Motivate from the top of the team
Getting their management and executives to care is often a good way to get your colleagues interested in SEO.
If the department manager understands the risks and benefits that SEO poses to their team, they will likely be motivated to help you achieve your SEO goals.
Educate them on the importance of SEO
The key to this is helping them understand the importance of SEO.
Check out the departmental impact SEO can have.
Talk to your Brand Director about the importance of reputation management and how SEO can help foster a positive online mood.

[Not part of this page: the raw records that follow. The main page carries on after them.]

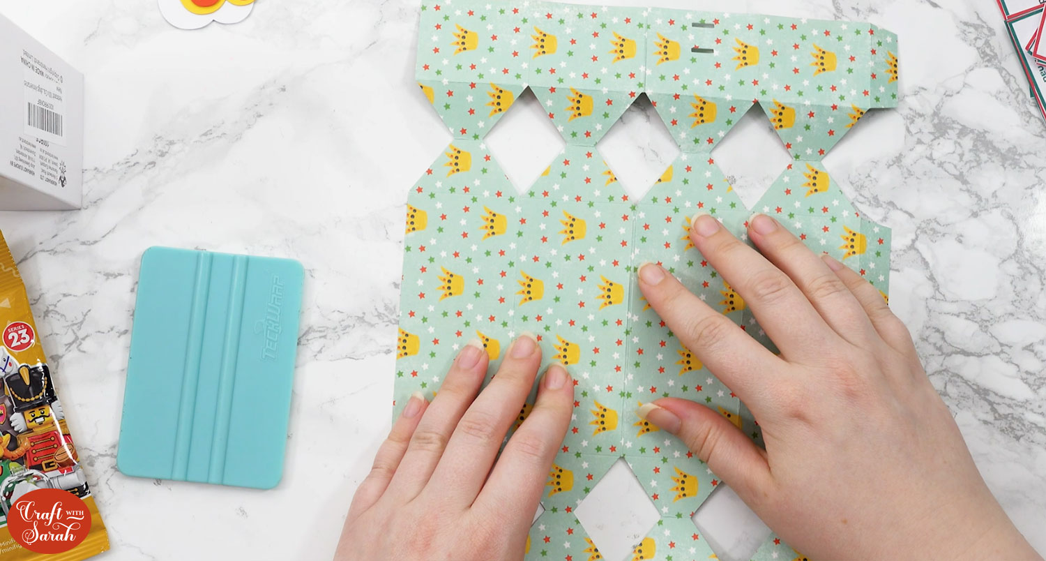 Turn the cracker upside down (so you are looking at the “inside”) and fold inwards along the score lines. Go over the folds with a brayer or scraper tool to give it a crisp crease. You will need to do this for both pieces.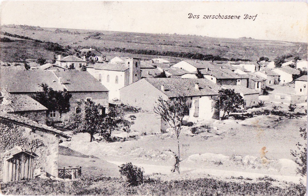 AMS* - CP DAS ZERSCHOSSENE DORF - SATUL ZDROBIT CIRCULATA 1915 stampila militara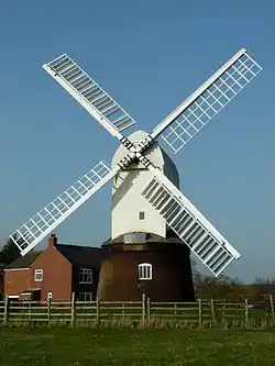 The mill is the last post mill in the north of England, and was built between 1760 and 1790 to serve the Elsham Hall estate. Originally it had four common sails, but through most of its working life had a more usual combination of two common and two spring sails, providing power with flexibility. It was working until the 1940s, when it had four spring sails, before becoming derelict. Following a possibility of demolition it was acquired and restored in 1965 by Wrawby Windmill Preservation Society. Maintenance work in 2008, which returned the mill to mixed sail types, was funded by the SPAB Mill Repairs Fund and local residents.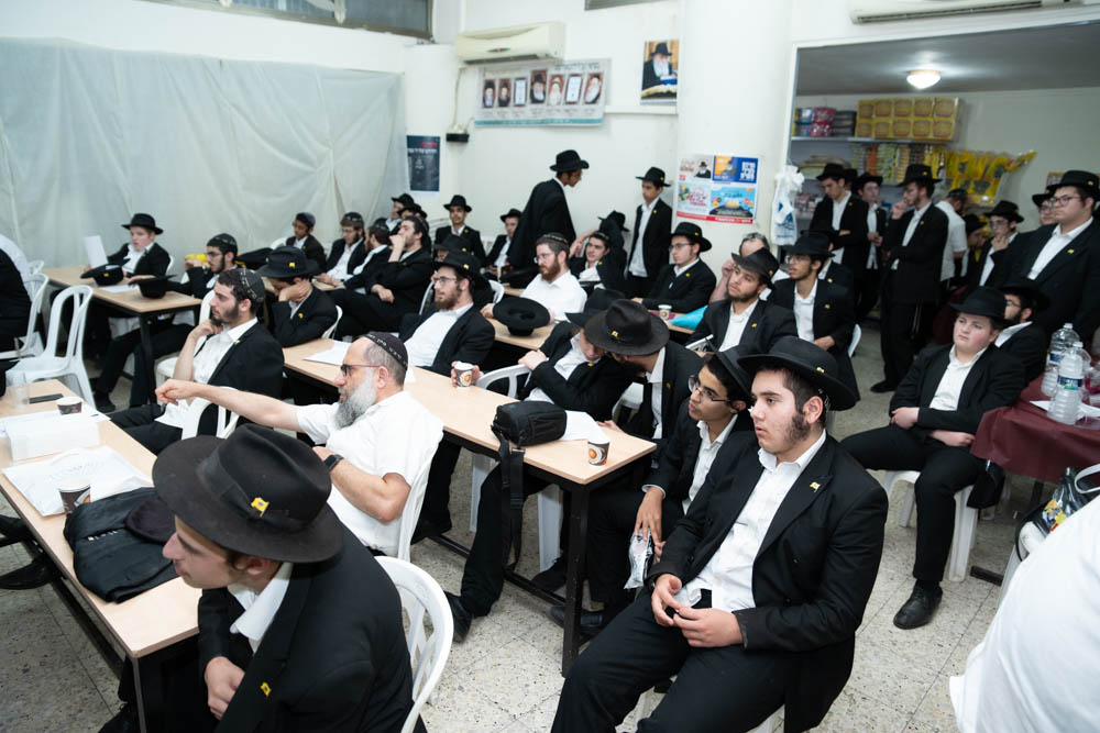 לאחר תפילת מנחה ברוב עם, עולה הת' לוי גבריאל לעשות סיום מסכת כפי הוראתו של כ"ק אדמו"ר מלך המשיח שליט"א. לאחריו ניגש אל המיקרופון הדובר הראשון הרה"ג הרב יעקב יוסף שליח ורב בית הכנסת "תהילת ה'" בכפר יונה. הרב יוסף נושא דברים חוצבי להבות אודות עניינו של תמים שזהו לימוד התורה, דבר שהוא קריטי ומשפיע רבות על הפצת המעיינות של כל אחד ובפרט בעמדנו בשנת היובל למבצע תורה.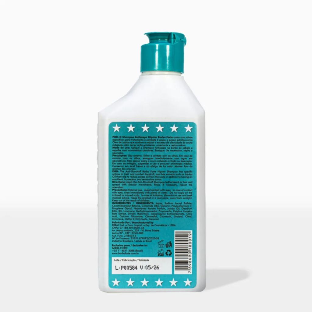 Shampoo Anticaspa Hipster Barba e Cabelo 250ml Controle da Caspa e Cuidado Completo - Barba Forte

Discuss the benefits of keyword research and optimizing copy for search intent and conversions with your head of content.
Make it clear to every stakeholder why they should care about SEO.
Link SEO to your success
Help leadership and their teams take an interest in the work of SEO by sharing the impact they are having on key outcomes.
Showing the engineering team that their work on reducing load speeds had a direct, measurable impact on Core Web Vitals can help them see the connection between their work and organic traffic and leads.
Show the Customer Success team that the Top Customer Questions Survey they filled out has been turned into an FAQ. Explain how this led to an increase in organic traffic.
The more you can tie teams’ work to SEO success, the more receptive they might be to your future ideas.
Bake SEO into your processes
Along with training and gaining buy-in from your teams or your client’s teams, let them integrate SEO into their own processes.
This might look like they include SEO considerations in their templates such as: B. Text letters or product inquiries. SEO team members may be added as stakeholders to engineering tickets.
Try to ensure you are involved in quality assurance and approvals for the type of activities that may pose a risk to the success of your SEO work.
Diploma
For SEO to truly drive growth in an organization, we need to break down silos, encourage training, and keep SEO in mind.
This means identifying knowledge gaps in key departments and ensuring ongoing training in these areas.
SEO must be at the heart of corporate communications.
Find the best way to do this across your organization, whether it’s a monthly report and email briefing to key stakeholders, or a company-wide message in your internal chat.
It’s entirely possible for a business to start thinking SEO first, but it takes time and strong stakeholder relationships to make it work.